Crows begin to fly north against the wind. It is unusual to see crows in such numbers, flocking like blackbirds. Then they straggle out for a mile. Ellis Buell says crows are the smartest of all birds. This is probably true. At least I know for a fact they know the range of a shotgun (Fluker claims they can distinguish a twenty gauge from a twelve, then move just out of range). The only time I ever killed a crow was by pure luck and a.22 rifle. He was flying at least five hundred feet high. Without expectation I led him by three feet and shot him through the head. Surprised, he fell at my feet with a thump. A ruby drop of blood hung from his black bill.
Still I had to watch the 5:30 news!
Unhooking the videotape, I turned on the TV. The hurricane watch had been changed to a hurricane warning. Marie, two hundred miles due south, was headed due north. She filled the whole Gulf. It became necessary to make preparations.

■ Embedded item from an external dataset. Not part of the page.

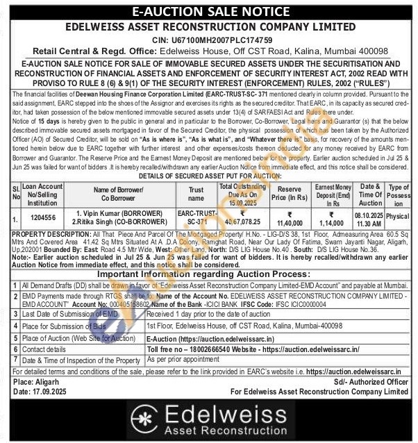 All That Piece And Parcel Of The Mortgaged Property H.No.LIG-D/S 38, 1st Floor, Admeasuring Area 60.5 Sq Mtrs And Covered Area 41.42 Sq Mtrs Situated At A D.A Colony, Ramghat Road, Near Our Lady Of Fatima, Swarn Jayanti Nagar, Aligarh, Up,202001 Bounded By: East Road 4.5 Mtr Wide, West: Other Land, North: DIS LIG House No.40, South: D/S LIG House No.36. immediate effect, and this notice shall be considered. Note: Earlier auction scheduled in Jul 25 & Jun 25 was failed for want of bidders. It is hereby recalled/withdrawn

Everyone became serious and happy.
Storekeepers seriously-happily boarded up their windows. Volunteers seriously-happily sandbagged the levee. Shoppers seriously-happily shopped for battery radios, batteries, flashlights, Coleman lamps, kerosene lamps, kerosene, candles, canned goods, powdered milk, dried apricots, Hershey bars, raisins.
Happiest and most serious of all were owners of fallout shelters dug out during the A-bomb scare many years ago and never used. Happy families huddled underground around TV sets showing Marie spinning ever closer.
Happy drinkers sat in friendly bars under the levee drinking Dixie beer and reminiscing about other hurricanes. Even householders of low-lying houses left home happily, headed for motels in the Mississippi hills. Ordinarily bored police rode happily up and down country roads and bayous warning people to evacuate.
I too made certain preparations. I made a shopping list but, unlike other shoppers, I first discarded certain objects before purchasing others. Assembling the video cameras, tape deck, tapes, recorder, amplifier — some $4,500 worth — I packed the lot in a Gladstone bag and at nightfall hauled it over the levee to a skiff locked to a cypress in the batture, rowed out two hundred yards, and dropped the bag in the channel. When I regained the batture I was half a mile downstream but it was easy rowing back in dead water.